For some reason, all the steps are fast except the code written inside a loop

using LinearAlgebra
using SparseArrays
using CUDA
using CUDA.CUSPARSE

n = 15_000;
A = sprand(n,n,6/n);

A_gpu = CuArray(A)

function expCU(A_gpu::CuArray{Float64,2};threshold=1e-6)
    rows = LinearAlgebra.checksquare(A_gpu);
    P = spzeros(rows,rows);
    P[diagind(P)] = ones(rows);

    mat_norm=norm(A_gpu,Inf);

    # Scaling to ensure matrix doesn't blow up ensuring significant speed up
    scaling_factor = nextpow(2,mat_norm);
    A_gpu = A_gpu./scaling_factor;
    
    P_gpu = CuArray{Float64,2}(P);

    next_term = copy(P_gpu);
    n = 1;
    delta=norm(next_term,Inf);
    nonzero_tol = 1e-12;

    while delta>threshold
        next_term=(1/n)*A_gpu*next_term;
        # timing this step
        @time delta=norm(next_term,Inf);
        P_gpu = P_gpu.+ next_term; n=n+1;
    end

    # Squaring of P to generate correct P
    for n=1:log2(scaling_factor)
        P_gpu=P_gpu*P_gpu;
    end

    return P_gpu
end

expCU(A_gpu);

I have found that the bottleneck is the step timed in the above code.
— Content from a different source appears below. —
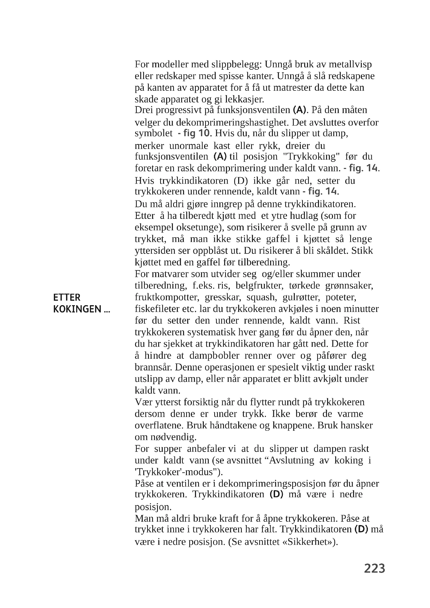 KOKINGEN Barn må holdes utenfor rekkevidde når trykkokeren er i bruk. Trykkokeren koker under trykk. Skålding kan oppstå ved feil bruk. Påse at trykkokeren er forsvarlig lukket før du tar den i bruk. (Se avsnittet «Lukking»). Påse at ventilen alltid avgir blåselyden under koking. Hvis ikke nok damp slipper ut, dekomprimer kjelen og sjekk at det er nok væske til stede. Sjekk også at dampkanalen ikke er tilstoppet. Hvis det fremdeles ikke kommer damp ut etter dette, øk varmen forsiktig. Ikke kok matvarer som kan tilstoppe sikkerhetsfunksjonene: - tyttebær - perlegryn - havregryn - gule erter - nudler, makaroni, spagetti - rabarbra - rips Aldri tilbered retter basert på melk i trykkokeren. Når du har en trykkoker med en kjele i rustfritt stål, ikke ha grovt salt i trykkokeren. Tilsett fint salt helt på slutten. Du unngår på den måten små «stikk» som kan endre bunnen på trykkokeren. Aldri bruk trykkokeren til å steke med olje under trykk. Trykkokeren skal ikke brukes til andre formål enn det den er beregnet på. Trykkokeren må aldri settes i en varm ovn. Aldri ha aluminiumsfolie som ikke er i en form, i trykkokeren. Aldri ha plastfilm i trykkokeren. Alkoholdamp kan ta fyr. Kok opp i ca. 2 minutter før du setter på lokket. Følg godt med på apparatet dersom du tilbereder oppskrifter med alkohol. Bruk kompatible varmekilder som er i samsvar med bruksanvisningen.ETTER KOKINGEN ... For modeller med slippbelegg: Unngå bruk av metallvisp eller redskaper med spisse kanter. Unngå å slå redskapene på kanten av apparatet for å få ut matrester da dette kan skade apparatet og gi lekkasjer. Drei progressivt på funksjonsventilen (A). På den måten velger du dekomprimeringshastighet. Det avsluttes overfor symbolet - fig 10. Hvis du, når du slipper ut damp, merker unormale kast eller rykk, dreier du funksjonsventilen (A) til posisjon "Trykkoking" før du foretar en rask dekomprimering under kaldt vann. - fig. 14. Hvis trykkindikatoren (D) ikke går ned, setter du trykkokeren under rennende, kaldt vann - fig. 14. Du må aldri gjøre inngrep på denne trykkindikatoren. Etter å ha tilberedt kjøtt med et ytre hudlag (som for eksempel oksetunge), som risikerer å svelle på grunn av trykket, må man ikke stikke gaffel i kjøttet så lenge yttersiden ser oppblåst ut. Du risikerer å bli skåldet. Stikk kjøttet med en gaffel før tilberedning. For matvarer som utvider seg og/eller skummer under tilberedning, f.eks. ris, belgfrukter, tørkede grønnsaker, fruktkompotter, gresskar, squash, gulrøtter, poteter, fiskefileter etc. lar du trykkokeren avkjøles i noen minutter før du setter den under rennende, kaldt vann. Rist trykkokeren systematisk hver gang før du åpner den, når du har sjekket at trykkindikatoren har gått ned. Dette for å hindre at dampbobler renner over og påfører deg brannsår. Denne operasjonen er spesielt viktig under raskt utslipp av damp, eller når apparatet er blitt avkjølt under kaldt vann. Vær ytterst forsiktig når du flytter rundt på trykkokeren dersom denne er under trykk. Ikke berør de varme overflatene. Bruk håndtakene og knappene. Bruk hansker om nødvendig. For supper anbefaler vi at du slipper ut dampen raskt under kaldt vann (se avsnittet “Avslutning av koking i 'Trykkoker'-modus"). Påse at ventilen er i dekomprimeringsposisjon før du åpner trykkokeren. Trykkindikatoren (D) må være i nedre posisjon. Man må aldri bruke kraft for å åpne trykkokeren. Påse at trykket inne i trykkokeren har falt. Trykkindikatoren (D) må være i nedre posisjon. (Se avsnittet «Sikkerhet»).
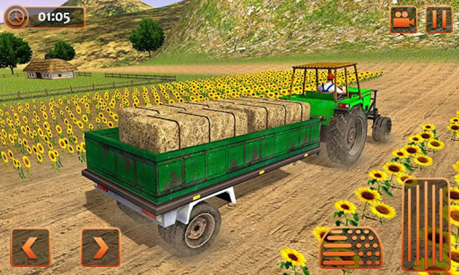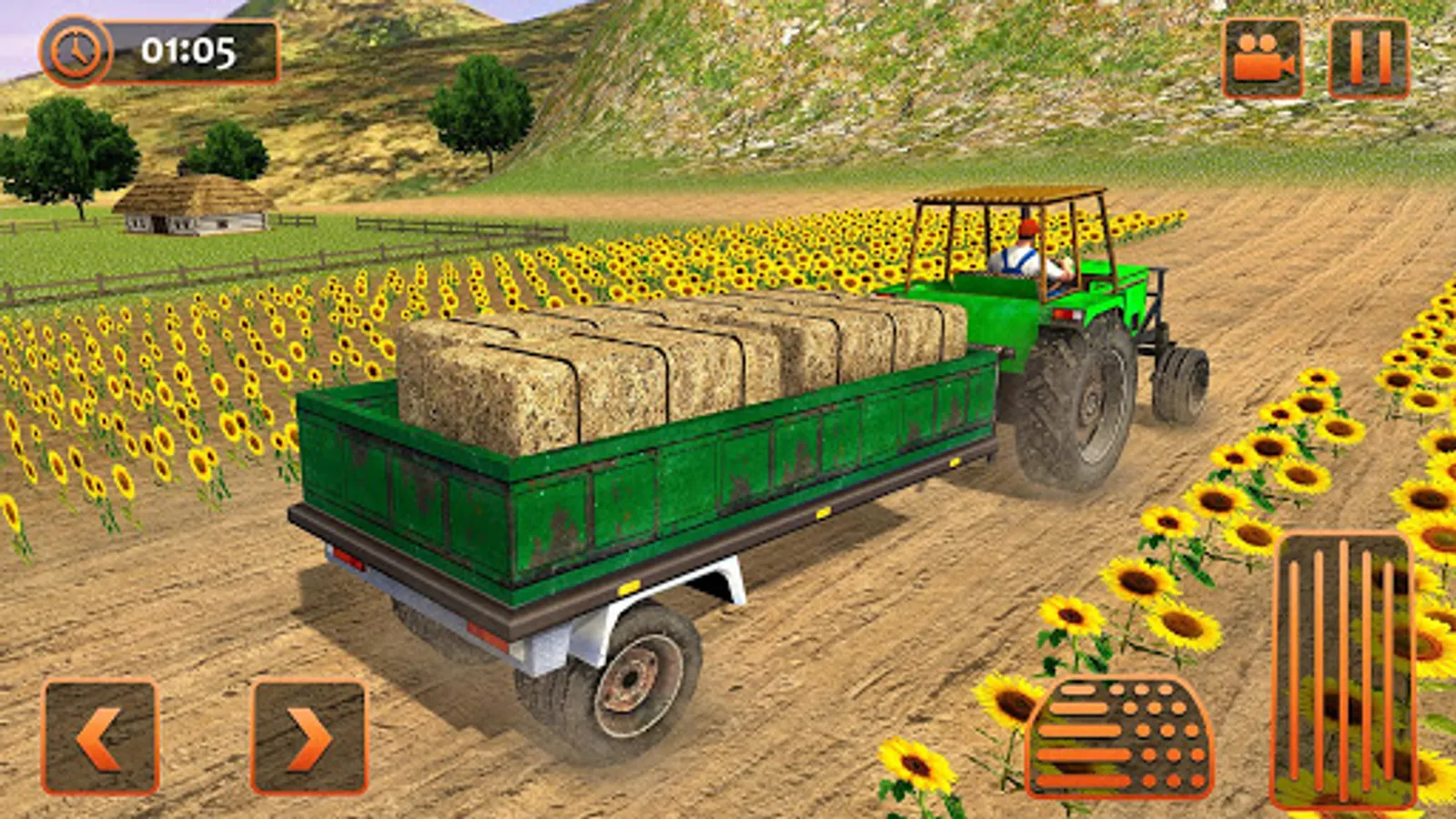 This tractor farming simulator game is an ultimate test for heavy tractor drivers. You can play chained tractor games to improve tractor pulling precision skills by controlling the speed of tractor trailer while climbing hill and village farms. As a farm tractor crew driver, you need to supply logistics like a haystack, rice, wheat, corn, water tankers and wooden logs to the hill station. Be the best logistics transporter by playing offroad tractor farming simulator game!

The output for a specific run is

0.375602 seconds (78 allocations: 3.281 KiB)
0.359730 seconds (78 allocations: 3.281 KiB)
0.359744 seconds (78 allocations: 3.281 KiB)
0.359743 seconds (78 allocations: 3.281 KiB)
0.359767 seconds (78 allocations: 3.281 KiB)
0.363671 seconds (78 allocations: 3.281 KiB)
0.363688 seconds (78 allocations: 3.281 KiB)
0.363686 seconds (78 allocations: 3.281 KiB)
0.359806 seconds (78 allocations: 3.281 KiB)
0.363658 seconds (78 allocations: 3.281 KiB)
0.363692 seconds (78 allocations: 3.281 KiB)
0.363676 seconds (78 allocations: 3.281 KiB)
0.359748 seconds (78 allocations: 3.281 KiB)

Now when I try running the step as is on my terminal (REPL) I get the following time

0.029465 seconds (79 allocations: 3.297 KiB)

This means that this step is significantly slower when inside the loop for whatever reason. When I try timing the steps without the loop (manually) it is pretty fast. I am pretty new to GPU computing so I’d be really grateful if someone can explain what I am doing wrong. Thanks!

Hi!

Such norm operation is slow, because it is a reducing operation (basically, it finds the maximum absolute value of the array), which is hard to execute in parallel.

What I recommend is just reducing the number of norm calls as much as possible. Something like this:

function expCU2(A_gpu::CuArray{Float64,2};threshold=1e-6)
    rows = LinearAlgebra.checksquare(A_gpu);
    P = spzeros(rows,rows);
    P[diagind(P)] = ones(rows);

    mat_norm=norm(A_gpu,Inf);

    # Scaling to ensure matrix doesn't blow up ensuring significant speed up
    scaling_factor = nextpow(2,mat_norm);
    A_gpu = A_gpu./scaling_factor;
    mat_norm /= scaling_factor
    
    P_gpu = CuArray{Float64,2}(P);

    next_term = copy(P_gpu);
    n = 1;
    delta=one(mat_norm);
    nonzero_tol = 1e-12;

    while delta>threshold
        next_term=(1/n)*A_gpu*next_term;
        # timing this step
        delta *= mat_norm / sqrt(n) # Not accurate but OK heuristics
        P_gpu = P_gpu.+ next_term
        n += 1
    end
    # Squaring of P to generate correct P
    for n=1:log2(scaling_factor)
        P_gpu=P_gpu*P_gpu;
    end

    return P_gpu
end

These are the benchmark results I got:

julia> using BenchmarkTools

julia> @btime expCU(A_gpu);
  849.408 ms (4459 allocations: 7.90 MiB)

julia> @btime expCU2(A_gpu);
  29.819 ms (3246 allocations: 7.84 MiB)

Also, speaking of norm timing, it seems that it is because you allocate new memory for next_term each iteration. You may want to try creating next_term_buffer = similar(next_term) before the loop and

mul!(next_term_buffer, next_term, 1/n, 0)
next_term_buffer, next_term = next_term, next_term_buffer

in the loop.

There are some fast matrix exponential methods in ExponentialUtiltiies.jl that are CUDA-compatible that don’t use squaring and scaling in order to avoid the performance pitfalls of that.

Thanks, this helped. Changing the norm calculation in my code did speed things up. Also, I’ve realized that because the input matrix is so large I need to take care of memory usage. For this, I edited the part inside my for loop:

next_term_buffer = similar(next_term)
mul!(next_term_buffer, next_term, A_gpu)
mul!(next_term, next_term_buffer, 1/n)
CUDA.unsafe_free!(next_term_buffer)